November 2006 - Landing page quality is extended to contextually targeted ads

The answer to arbitrage? A way to control the quality of those parked domain sites that are just a repository for Google ads? Probably - and so I didn’t worry too much about this one. Also, this change only affected minimum bid amounts and not ad position. Google’s advice was, “It may be instructive to put yourself in your customer’s shoes and closely examine what it is that leads you to explore and do business with a site rather than simply click the “Back” button.”

February 14, 2007 - A day of love, and more quality score changes

Google introduced more transparency to advertisers regarding keyword quality score. Now you could actually see what your minimum bid was to activate the term (no, you couldn’t see this originally!) and also glean some basic idea of what Google thought of the term (Great, Good, OK, Poor). Google also changed the quality score algorithm at this time, factoring in overall history for new keywords into the initial minimum bid, and not assigning quality to new keywords prior to the keyword accruing some history in the campaign.

August 2007 - Change to top ad placement formula

Google now put more emphasis on maximum bid for achieving premium ad placement, so that if you wanted the top spot, you could basically bid higher prices to be there. This was probably Google’s reaction to advertisers who tended to bid close to the minimum bid price. Now the top position was based more on how advertisers below you were bidding (a flashback to the true “Overture” style of auction-based bidding). But since quality score still factored into ad positioning, this didn’t really provide the additional control Google claimed. It just made everyone anxious and fueled higher CPCs overall.

March 2008 - Landing page load time incorporated into quality score

This one’s pretty straightforward. If you had a slow loading page, the time had come to fix it.

August 2008 - All hell breaks loose

Google anounced some new quality score “improvements” that include eliminating the minimum bid requirements, introducing a “first place bid” which (I’m assuming) replaces or augments the “top placement formula” introduced last August and figuring out quality scores in real-time, rather than basing them on historical campaign or account data and Google’s own history of the term. What does this mean??

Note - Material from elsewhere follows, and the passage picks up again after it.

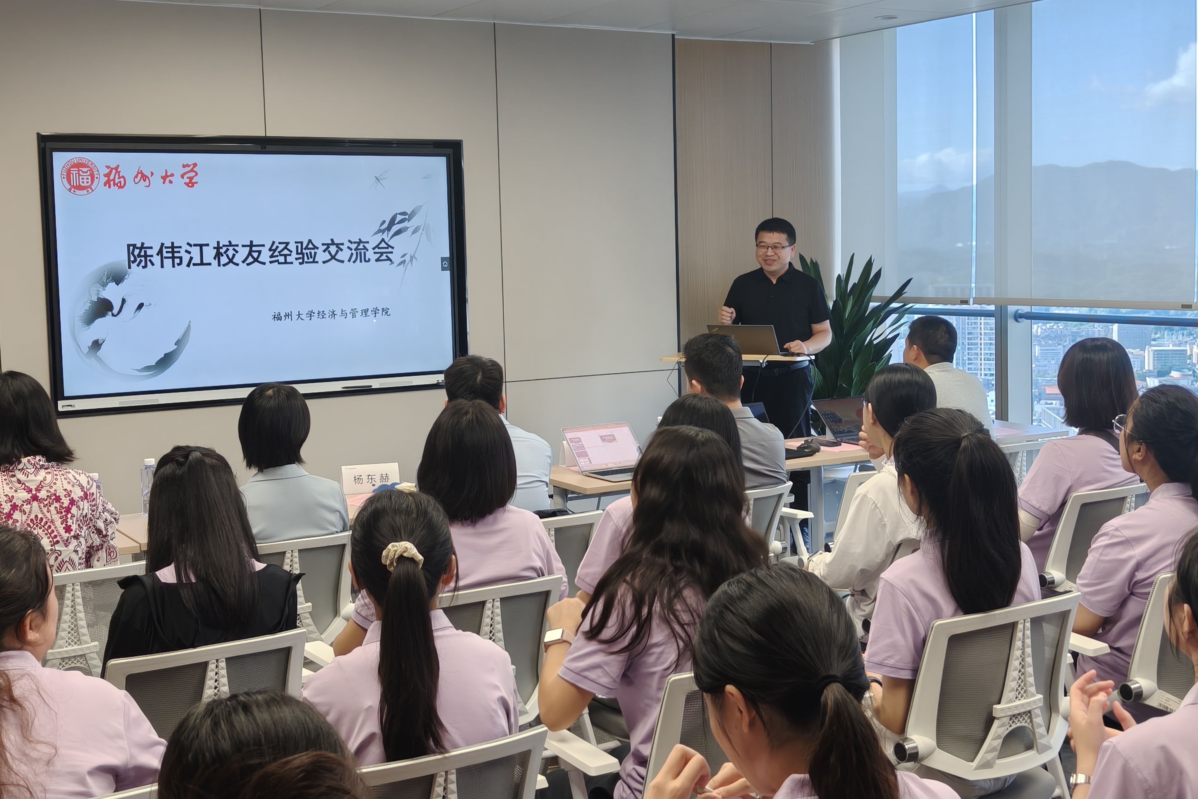 在互动提问环节,同学们踊跃发言,围绕“专业知识如何应用于市场实践”“企业对复合型人才的能力要求”等核心问题,与企业人员展开热烈讨论。为帮助同学们更直观地理解职业成长路径,多位企业专家也分享了自己的亲身经历与心得体会。例如,容诚会计师事务所的项目经理曾清以自身四年来的职业成长轨迹为例,分享了她从审计新人到项目经理的心得体会,为同学们的职业发展提供了具象参考。福州大学校友、金蝶软件福州分公司大客户销售部总监陈伟江结合自身经历,勉励同学们要积极顺应环境变化,在专注耕耘与终身学习中实现自我成长。这种问答与分享相结合的深度交流,真正实现了课堂理论与行业实践的有效对接。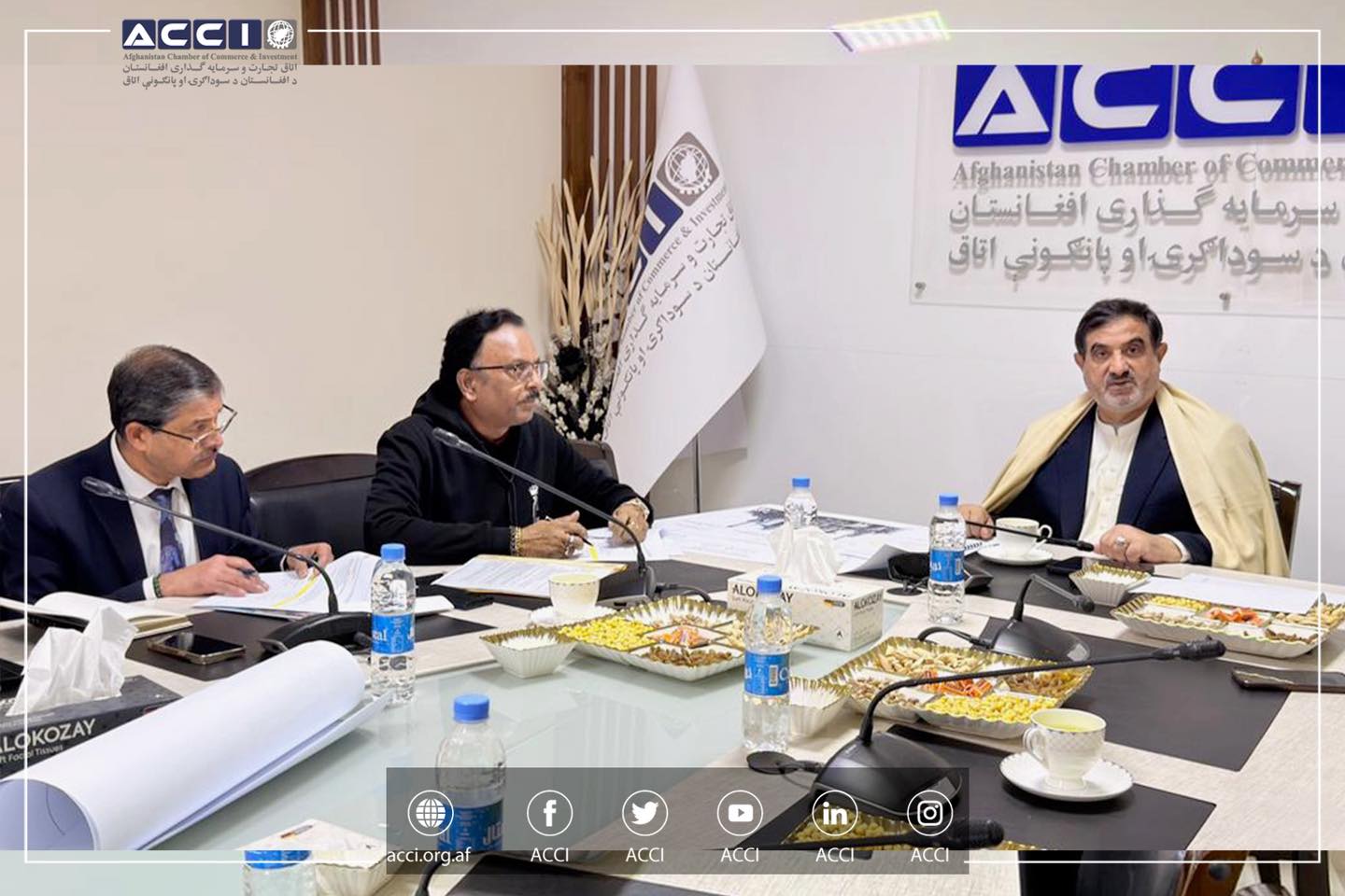 محترم سید کریم هاشمی، رئیس عمومی اتاق تجارت و سرمایهگذاری افغانستان، با جمعی از متخصصین هندی پیرامون طرح ساخت پالایشگاه نفت به ظرفیت ۱۵۰۰۰ بیرل در روز، دیدار و گفتگو نمود.

I honestly don’t understand how quality score can be determined on the fly and not based on history. I don’t know what “performance” even means in the context of Google’s new announcement. I think this effectively removes the transparency Google briefly introduced in February 2007. We’ll now have to guess at the maximum bid amount and I imagine there will be a lot of head scratching when (for example) a keyword that seems highly relevant isn’t getting any search volume on Google. What can we do when that happens? Raise bids, I guess.

Google is once again touting this change, which seems to contradict all previous changes, as “better” for advertisers and (of course) Google’s users because it will allow them to show more relevant ads. Oh really? Relevant based on what? That’s not entirely clear. Personally, I base relevancy on conversions - CTR is a false metric. Anyone who has seen success on the content network can attest to that.

Do us all a favor, Google. Don’t tout these changes as better for everyone when they are untested and unclear. Perhaps they’re better for you, but that’s an entirely different post.